Is Main Street Feeling Better About the Economy?
Amid a wide range of uncertainty and an overall sluggish economy, small businesses located on Main Street are still skeptical about their future. In fact, small business optimism indicates sub-par growth and recession conditions.
The National Federation of Independent Business, the leading nonprofit small business association representing small and independent businesses, reported that its Small Business Optimism Index dropped 2.7 points from January to 91.4 in February, breaking a three-month streak of improvement. At the beginning of 2013, the index posted a reading of only 88.9. The pre-recession average of the index is 100.

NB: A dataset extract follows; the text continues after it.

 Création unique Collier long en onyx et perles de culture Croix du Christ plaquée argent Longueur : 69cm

“Uncertainty is a major cause of the Index’s dip. Lacking any progress in Washington and facing continued unknowns with the healthcare law, the EPA, the minimum wage, tax reform, and more, it is no surprise that the Small Business Optimism Index fell, reversing a few months of modest gains,” said NFIB chief economist Bill Dunkelberg. “As long as uncertainty remains high, owners will remain cautious when it comes to increasing inventory. Business owners aren’t going to bet their money on a future they cannot see clearly.”
Adding to the weak sentiment, only one of the 10 index components were positive, while six were negative. Small businesses did not experience any changes in their current job openings, credit conditions, or earnings trends. Plans to make capital outlays was the only improved component, but only gained one point. Meanwhile, businesses expecting the economy to improve plunged 8 points.

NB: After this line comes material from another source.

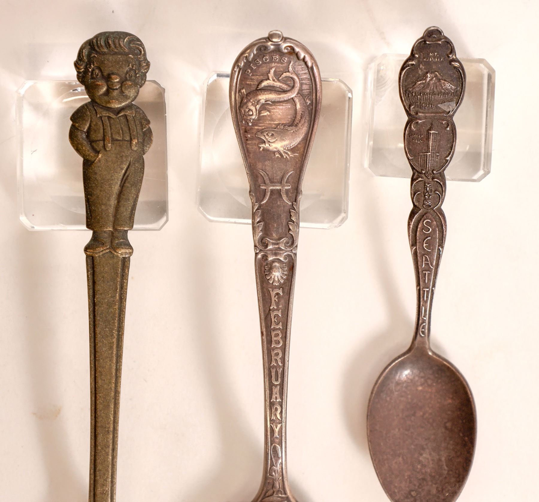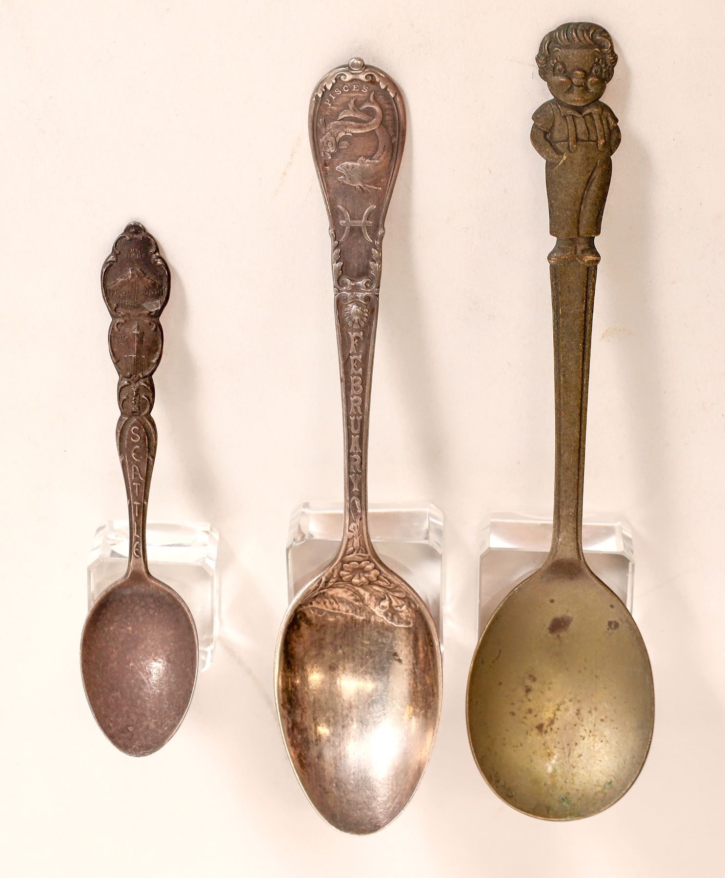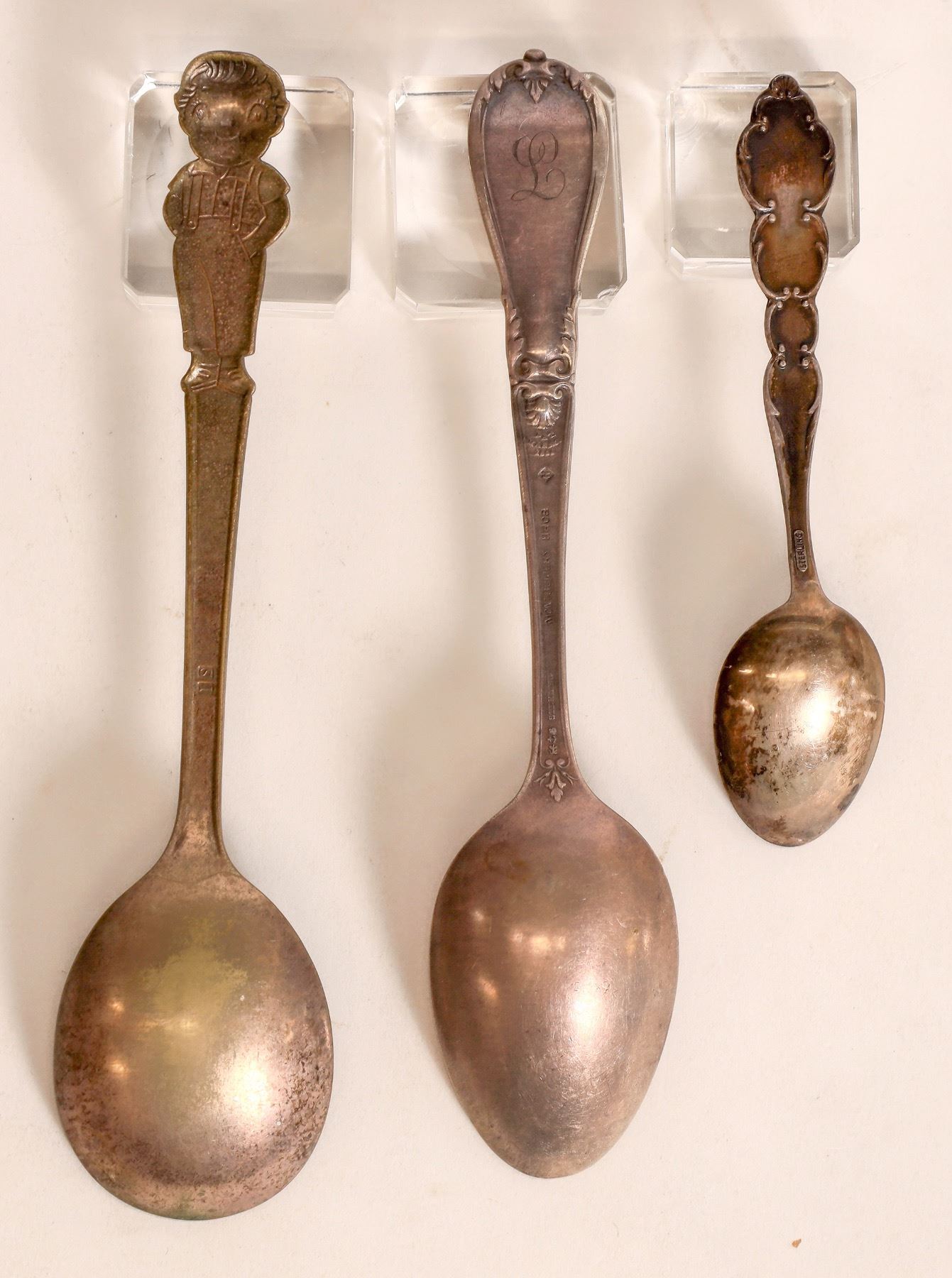 3 Sterling spoons. Seattle, February, boy with suspenders. 3.75-5.75".

Small businesses are still most concerned with government regulation and taxes, with both remaining unchanged from a year earlier. In fact, 21 percent of businesses say government red tape is their top problem, while 19 percent say taxes are the main problem. Sixteen percent are most concerned about sales.
“The economy is not doing well and little is happening in Washington that would lead owners to think otherwise,” added Dunkelberg. “Even the Federal Reserve’s guidance is for a weak economy, that’s what owners read and they are the experts (and policy makers.) All policy is focused on the election, pandering to special interests, not the interests of the ‘middle class’ (most of us), which simply wants to see better economic growth and serious job creation (along with improving compensation.) Consumer sentiment is equally morose for this stage of a ‘recovery.’ Only 1 in 10 consumers think government policy is good.”